PROVIDED INFORMATION =>
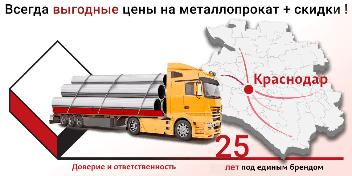 На рынок Краснодарского края компания вышла в начале 2021 года. Сейчас идет активная работа над расширением клиентской базы. Клиенты ценят в нас следующие качества: качественный сервис, широкий выбор позиции металлопроката, быструю доставку, гибкость и компетенцию менеджеров. В нашем распоряжении транспорт любой грузоподъемности (от 1,5 до 20 тонн), который доставит необходимый сортамент в кратчайшие сроки.
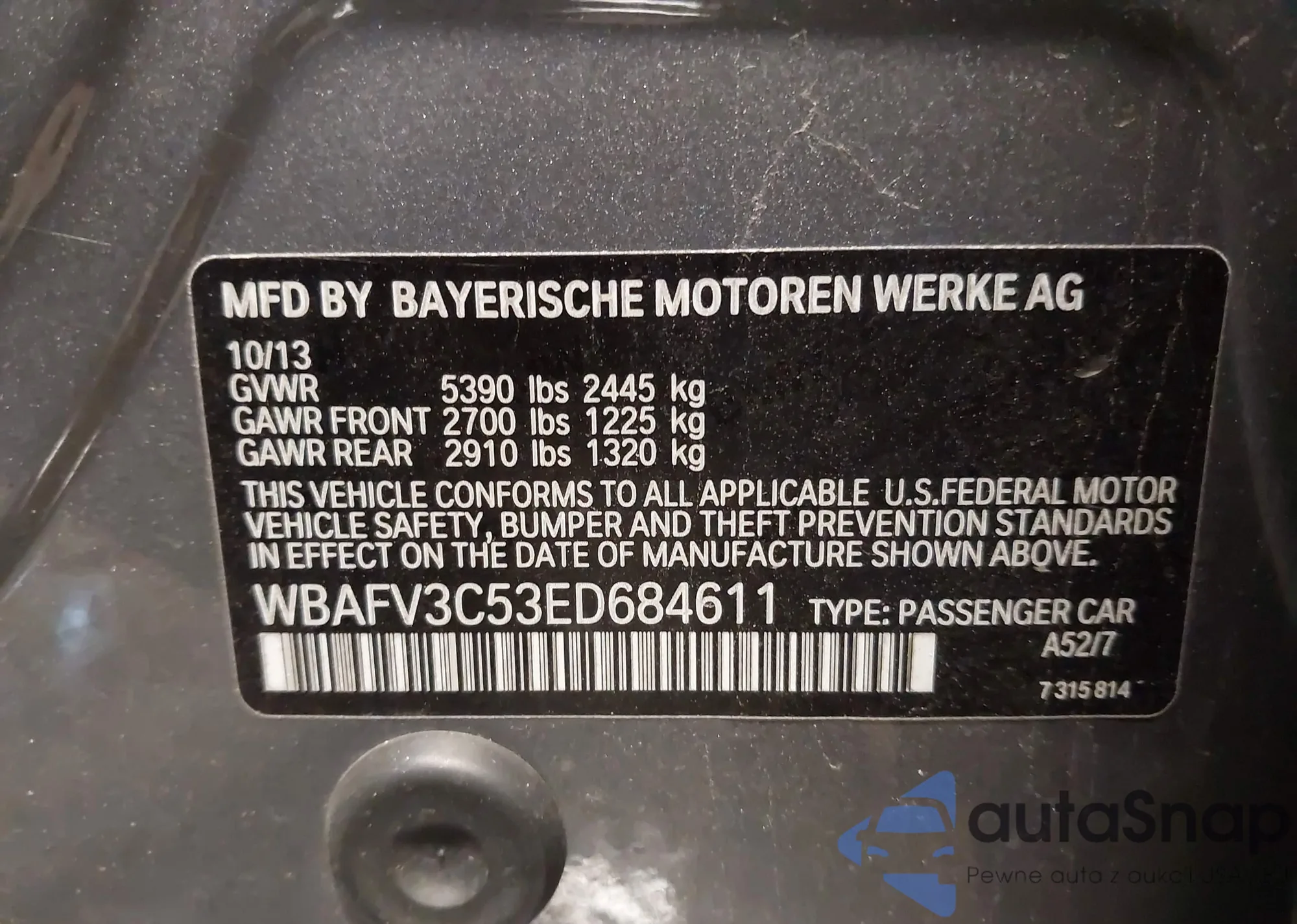 • VIN WBAFV3C53ED684611
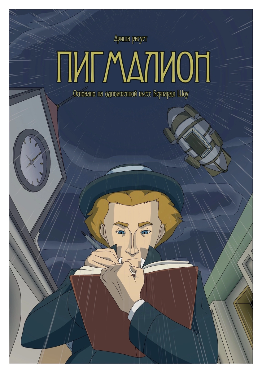 Изначально Пигмалион - герой древнегреческого мифа о художнике, влюбившемся в созданную им статую. Позже появился второй «Пигмалион» - пьеса Бернарда Шоу, где тоже был своего рода «скульптор» и в каком-то смысле его «творение». Мой же «Пигмалион» вдохновляется и основывается именно на пьесе Бернарда Шоу, но переносит ее в мир стимпанка. Профессор фонетики становится гениальным механиком, а цветочница… Об этом вы узнаете из комикса Спасибо за то, что дочитали комикс до конца, надеюсь, он вам понравился! Свои впечатление вы можете писать в комментариях, а еще больше комиксов можно найти в моем профиле. В качестве заключения хочу еще раз вспомнить пьесу, на сюжете которой основан мой комикс. Ее героями также являются профессор Генри Хиггинс, полковник Пикеринг и прекрасная Элиза. Я очень советую, если не сходить на нее в театр, то хотя бы посмотреть фильм по пьесе. От себя могу рекомендовать черно-белый фильм 1938 года с одноименным названием. Но, если вы испугались отсутствия цветов и бо
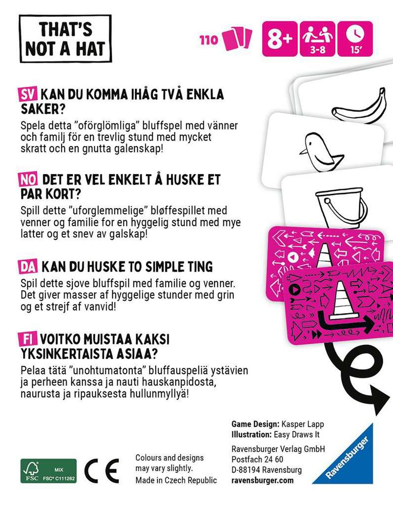 Var det en cykel eller en trafikkon? That's Not A Hat är ett bluffspel där spelarna ska ta emot och ge bort föremål. Det enda problemet är att när du ger presenten vidare så ofta glömmer du ibland vad du ger bort! Bluffa om vad du ger bort och du kanske lyckas, men om din presentmottagare inte tror dig, kan du sluta med ett straff. När en spelare har tre straffpoäng räknar alla sina straffpoäng och den spelare som har minst poäng vinner!
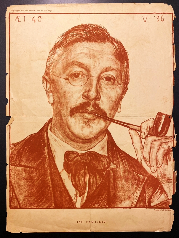 * Bijgevoegd: Portret van Jac. van Looy, lithografie van Jan Veth in bruinrood gedrukt en uitgegeven als bijvoegsel De Kroniek (van P.L. Tak) van 21 juni 1896. Bladformaat 43 x 33 cm, prentformaat 38 x 32 cm. Tweemaal gevouwen. In matige conditie: randslijtage, inscheuring op de vouwen. De rechtermarge is beschadigd. Toch een indrukwekkend, groot portret, waarvanuit de veertigjarige schrijver-schilder je opmerkzaam aankijkt, een pijp in de slanke vingers.
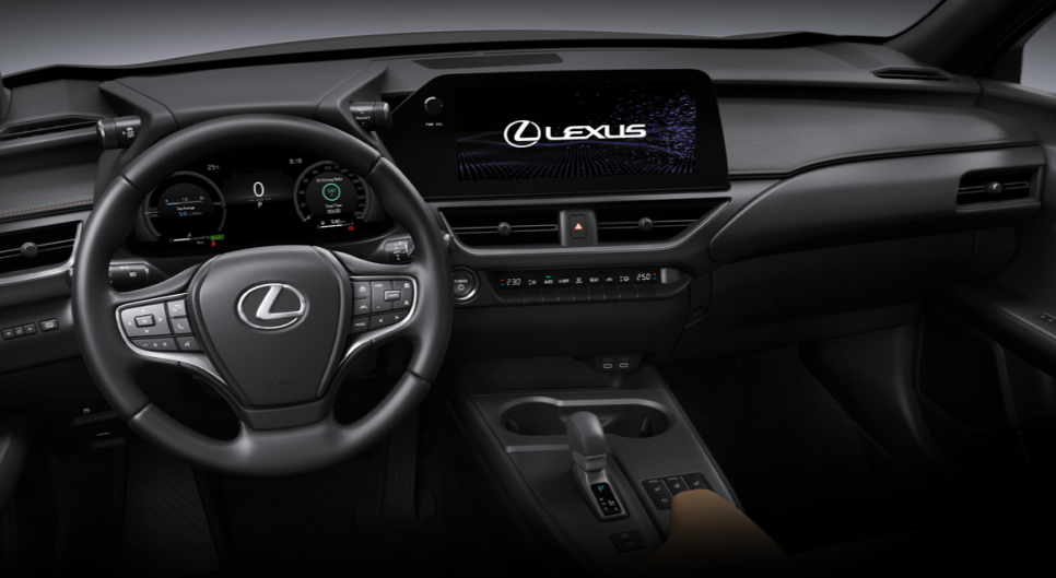 렉서스 UX 하이브리드 실내 인테리어는 어떻게 보면 올드해 보일 수 있지만, 군더더기 없는 깔끔함이 특징이죠. 3-스포크 타입의 원형 스티어링휠, 디지털 계기판, 12.3인치 인포테인먼트까지. 열선/통풍/EV 모드는 센터 콘솔쪽에 위치하고 있고 드라이브 모드 셀렉터는 핸들 앞쪽에 있죠. 이처럼 실내는 실용적이면서 간결한 모습을 갖추고 있습니다.
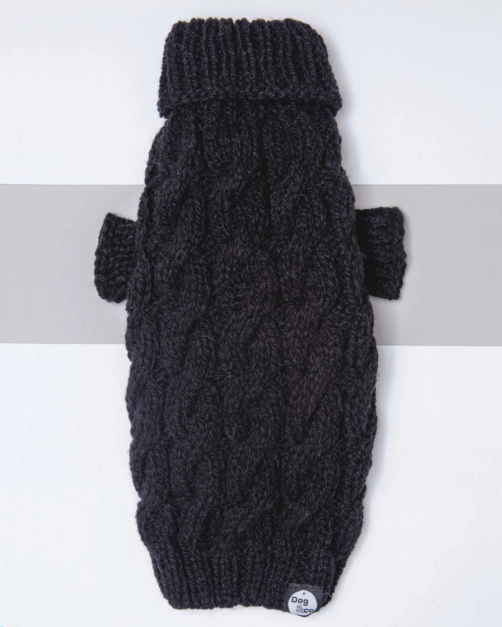 A chunky cable knit design softened for easy everyday wear in 100% natural Alpaca wool. A fold-down Roll Neck add extra warmth for windy winter days, and ribbed knit sleeves held hold body heat in to keep your pup toasty all season long.
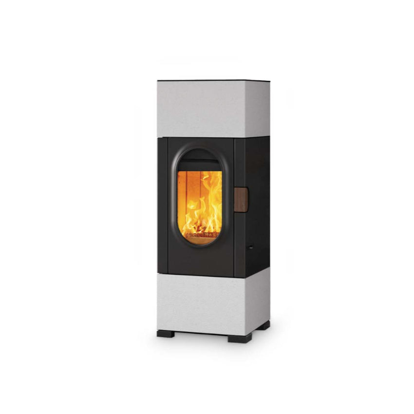 Die abgerundete Ofenscheibe erinnert an ein ovales Bullauge und steht in angenehmen Kontrast zu den ansonsten eher quadratischen Formen
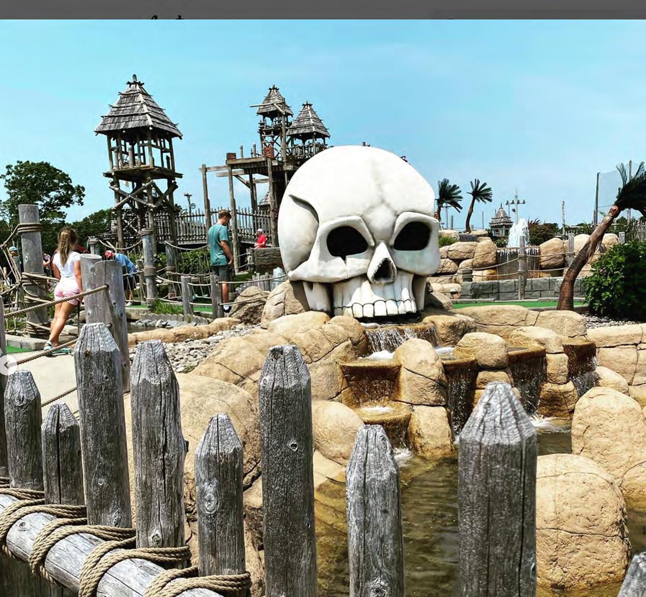 Skull Island Adventure Golf and Sports World: This activity center first opened as a miniature golf course in 1961 on ten acres of land on Route 28 in South Yarmouth. The traditional flat course with lollipop and windmill obstacles was augmented by batting cages and a driving range, and an arcade was added in the early 1980s. The facility was updated in 2001, and the resulting Swiss Family Robinson island-themed course, with its iconic giant white skull with lighted and steam-spewing eyes, features a beautifully landscaped and challenging course. Players golf past cascading waterfalls, over “alligator infested” waters, through a haunted treasure cave, and up into a Swiss Family Robinson Tree House. The adjoining Sports World center offers plenty of additional fun, with a driving range, go-karts, batting cages and a large arcade. The easy-to-reach property can also host birthday parties, family get-togethers and other group events for all ages. 934 Route 28, South Yarmouth, skullislandcapecod.com
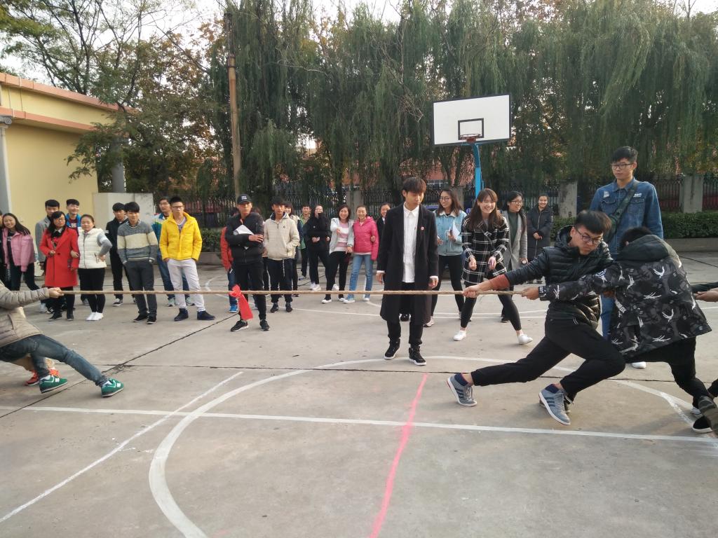 为了倡导精神文明,激发同学们锻炼健康身体的兴趣,增强团体合作精神,展现当代大学生积极向上的精神风貌,丰富校园文化生活,医学系于2016年11月7日在北院篮球场举行了拔河比赛。
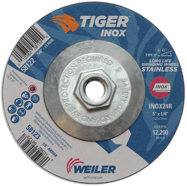 Tiger INOX 5 inch type 27 grinding wheels are specifically designed for high performance when grinding stainless steel. These wheels incorporate a Contaminant-free bond that delivers a worry-free solution for stainless steel applications. The flat profile with depressed center allows for a wide range of grinding angles (0-45 1/4" wheel thickness is ideal for heavy stock removal, scale removal, weld removal, weld blending, edge beveling and torch-cut softening with a right angle grinder. The 5/8"-11 nutted metal hub allows for quick spin-on, spin-off changeover and eliminates cross-threading or sticking to spindle due to heat build-up.
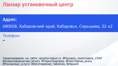 Ланзар, установочный центр по адресу 680028, Хабаровский край, Хабаровск, Серышева, 22 к2 в дальнейшем Организация, размещена в следующих категориях:
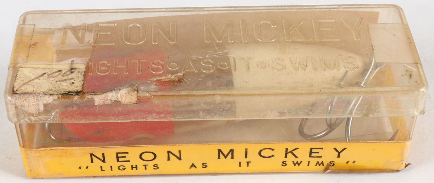 Neon Mickey lure in the orignal box, red & white. Grade: Excellent - Value: 6 to 30
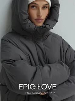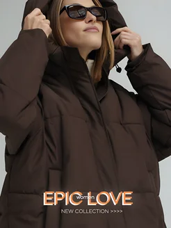 Куртка зимняя удлиненная оверсайз с капюшоном
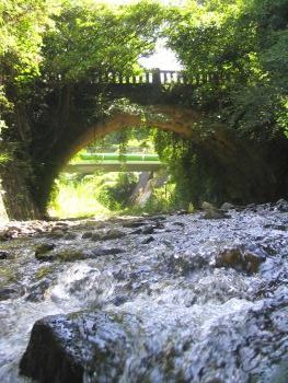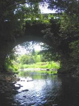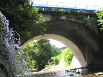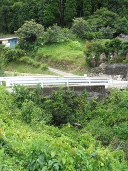 | 浅井野橋 宮之城町浅井野 泊野川 橋長:14.5m 橋幅:4.7m 径間:13.3m 拱矢:5.8m 架設:大正4年 平成16年3月、旧橋の下流側にアーチ型のコンクリート新橋が出来て、拡幅されました。 写真左手の白い糸みたいなものは滝の水しぶきです。 一ツ木三文字から国道504号線を北西へ800m。 左手に架かっています。 |
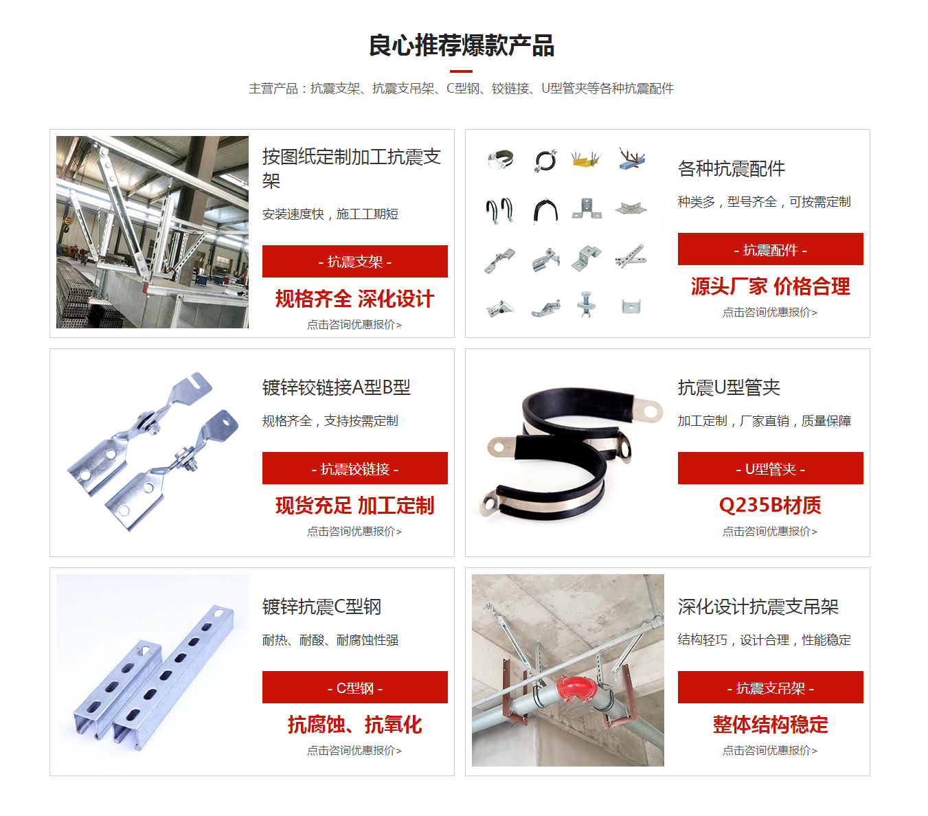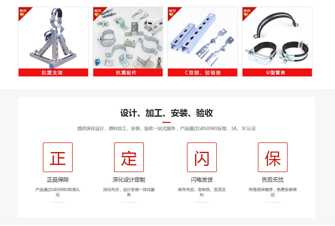 主营产品:抗震支架,抗震支吊架,抗震配件,U型管夹,C型槽钢,铰链接
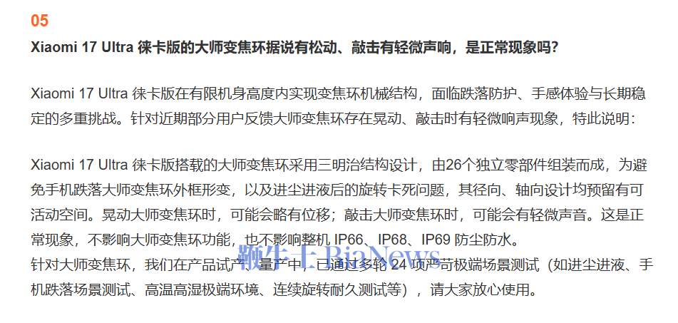 小米表示,17Ultra徕卡版的大师变焦环采用三明治结构设计,由26个独立零部件组装而成。为避免跌落时外框形变及进尘进液后旋转卡死,变焦环的径向和轴向设计预留了可活动空间,因此晃动时会有位移,敲击时会有轻微声响,这属于正常现象,不影响功能及整机IP66、IP68、IP69防尘防水性能。
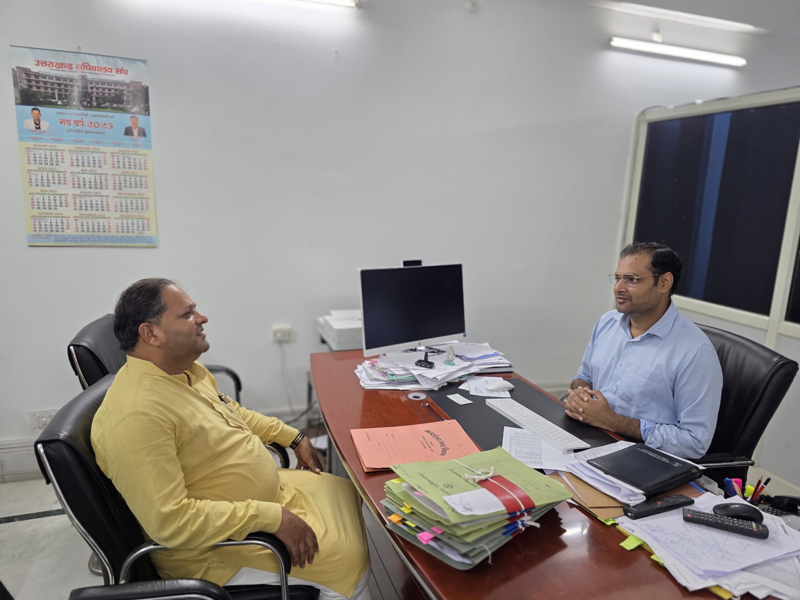 देहरादून/रूद्रपुर। (उपभोक्ता खबर) नगर निगम रूद्रपुर की लंबित योजनाओं और शहर की जनसमस्याओं को लेकर महापौर विकास शर्मा ने देहरादून स्थित सचिवालय में शहरी विकास विभाग के सचिव नितेश झा और डायरेक्टर गौरव कुमार से शिष्टाचार भेंट की। मुलाकात के दौरान महापौर ने न केवल पुरानी योजनाओं के शीघ्र निस्तारण की मांग उठाई, बल्कि शहर के समग्र विकास को ध्यान में रखते हुए कई नये प्रस्ताव भी उनके समक्ष रखे।
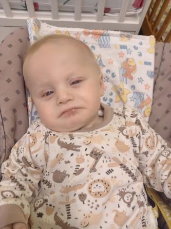 Характер: Михаил пытается хватать игрушку, висящую на кроватке, непродолжительное время удерживает погремушку, ощупывает некоторые предметы, проявляет интерес к тактильному общению, хватает за пальцы взрослых. Ребенок не поднимает голову, переворачивается со спины на живот. Зрительное и слуховое восприятие не сформировано. В течение дня настроение у Миши устойчивое, он положительно реагирует на ласковое прикосновение взрослого.
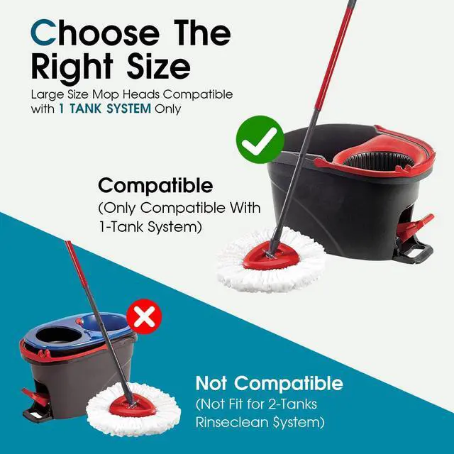 The Package includes mop heads replacements,Which is specifically designed to be 100% compatible with the Oceda EasyWring for Spin Mop system and work well as original.BE AWARE: The mop head replacement is compatible with 1-chamber mop system ONLY, NOT for dual-chamber mop bucket
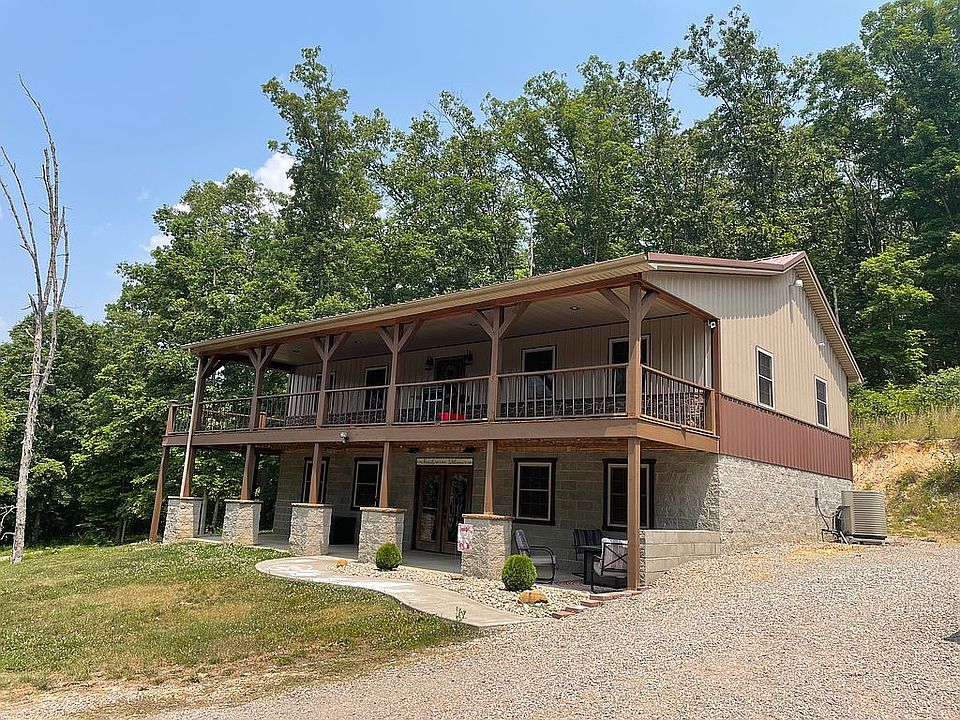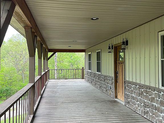 Rustic raised ranch situated on 5.035 acres m/l will be sold with adjacent 5.007 acre tract. House and 10.042 m/l $369,000 . Detached 24 x 32 garage. New Payne Heat Pump and Bryant Air Handler 2024 with 10 year transferable warranty. 2 wood pellet stoves for additional heat source. Equipped kitchen with newer refrigerator (July 2023). Tankless water heater. Open concept kitchen and living room with vaulted tongue and groove ceilings and walls. Huge storage room on lower level with carpet. Wrap around upper deck (10x46 portion is covered) and covered concrete patio (10x46) ground level. Private setting close to elementary school and town. FOR APPOINTMENT: Call Amy Stratton 740-710-0169
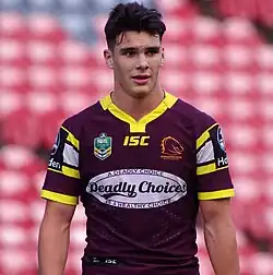 Farnworth made his NRL debut in Round 16 of the 2019 season for Brisbane against the Cronulla-Sutherland Sharks.[6] Farnworth finished with two NRL games played while he played for Broncos feeder club, Norths Devils ending the season as the team's top scorer and third overall in the Intrust Super Cup competition scoring 204 points (20 tries, 62 goals).[7]

THE TASK => Leaving each picture behind, please give again exactly the lines above from the one with "Ланзар, установочный центр" through the one with "देहरादून/रूद्रपुर। (उपभोक्ता खबर)", both included, and no others.

ANSWER BELOW =>
 Ланзар, установочный центр по адресу 680028, Хабаровский край, Хабаровск, Серышева, 22 к2 в дальнейшем Организация, размещена в следующих категориях:
 Neon Mickey lure in the orignal box, red & white. Grade: Excellent - Value: 6 to 30
 Куртка зимняя удлиненная оверсайз с капюшоном
 | 浅井野橋 宮之城町浅井野 泊野川 橋長:14.5m 橋幅:4.7m 径間:13.3m 拱矢:5.8m 架設:大正4年 平成16年3月、旧橋の下流側にアーチ型のコンクリート新橋が出来て、拡幅されました。 写真左手の白い糸みたいなものは滝の水しぶきです。 一ツ木三文字から国道504号線を北西へ800m。 左手に架かっています。 |
 主营产品:抗震支架,抗震支吊架,抗震配件,U型管夹,C型槽钢,铰链接
 小米表示,17Ultra徕卡版的大师变焦环采用三明治结构设计,由26个独立零部件组装而成。为避免跌落时外框形变及进尘进液后旋转卡死,变焦环的径向和轴向设计预留了可活动空间,因此晃动时会有位移,敲击时会有轻微声响,这属于正常现象,不影响功能及整机IP66、IP68、IP69防尘防水性能。
 देहरादून/रूद्रपुर। (उपभोक्ता खबर) नगर निगम रूद्रपुर की लंबित योजनाओं और शहर की जनसमस्याओं को लेकर महापौर विकास शर्मा ने देहरादून स्थित सचिवालय में शहरी विकास विभाग के सचिव नितेश झा और डायरेक्टर गौरव कुमार से शिष्टाचार भेंट की। मुलाकात के दौरान महापौर ने न केवल पुरानी योजनाओं के शीघ्र निस्तारण की मांग उठाई, बल्कि शहर के समग्र विकास को ध्यान में रखते हुए कई नये प्रस्ताव भी उनके समक्ष रखे।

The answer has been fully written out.